For I was born middle aged, like Trevor Howard or Jeffrey Barnard. All I do is complain. I'd go on Grumpy Old Men, but Rick Wakeman is so much more photogenic. And anyway, one of the cheif gripes of the guests on that august show is the internet and their bewilderment at what it does, who uses it and why they can't do it. I am quite adept at this internet lark, am discerning enough to use Firefox instead of Explorer, can do some light HTML when required and so would be exiled from the curmudgeonly set as some kind of fifth columnist.
So not only must I do this with just words, I must do it alone. Perhaps I could do what those Hammer chaps are doing, and be fiercly critical of other people's blogs until I get a publishing deal with Random House (thus keeping it all within the Rupertocracy and only having to pay one set of solicitors fees). I dare say I can slag off some of MS's more modelly members because what are the chances of them
a) ever getting to my poison pen portraits through the millions of emailed photos of fraternity brother's penises and the unsolicited lurid sexual fantasies from wierdos that all women on MS get, and
b) understanding them.
Well, perhaps that's cruel. I have worked out however, that it is perfectly acceptable to call dessert90210 a pointless, air-headed cipher of a Pamela Anderson wannabe who'd be out of her intellectual depth in a puddle, if I make it clear that it's just conjectural and not an actual opinion. Which it was. No misunderstandings there, I hope. I bet she's lovely. Hello there!

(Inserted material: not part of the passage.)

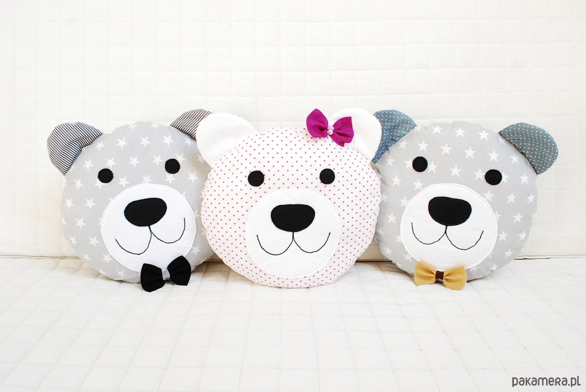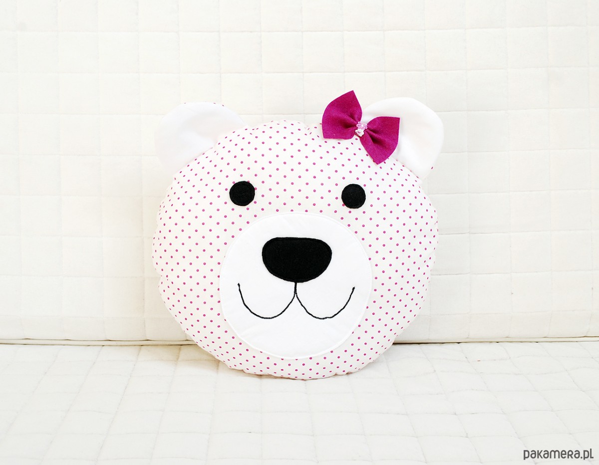 Poduszka w kształcie misia uszyta z bawełnianych tkanin i filcu. Wypełniona antyalergicznym włóknem. Przy uszku miś posiada filcową kokardkę. Średnica poduszki ok.33cm

In keeping with this, I could become bitter and twisted and berate society for its iniquities, God for allowing pain and suffering and girls for not wanting to go out with me. I could tear myself to pieces in a full-on Freudian deconstruction, but I've done that already and although everyone who replied was very nice, I doubt if they'd want to hear it all again. I could become reactionary and talk about nothing but the Queen and how much we all love her in the Commonwealth, but that'd be boring, pointless and also a lie. Or I could just descend into self parody and ramble endlessly about badminton, cooking and parking a car in Leicester. Choices, choices.
All this brings us back to the Theatre of the Absurd. Well, actually it doesn't, but I want to get lunch before three and so have to stop somewhere. It is my aim, then, in tribute to these brave, revolutionary and deeply pretentious playwrights of the 1920's to string together something like a thousand words and say nothing. A blog void of all content and empty of all meaning. What do we think? Perhaps this was a success, perhaps not. Perhaps that's the point, intellecutally speaking.
Mind you, it's all for naught anyway, as I heard on the radio this morning that half of all Europe's eggs are currently infected with salmonella and gastric death is mere hours away, except for vegans who are doubtless relishing the chance to be twice as smug as usual whilst the rest of us less awkward people fall dead in the streets from egg ague. I'll look out for it; until then I will be outside eating chocolate cake and smoking high tar cigarettes. That way I get to live forever.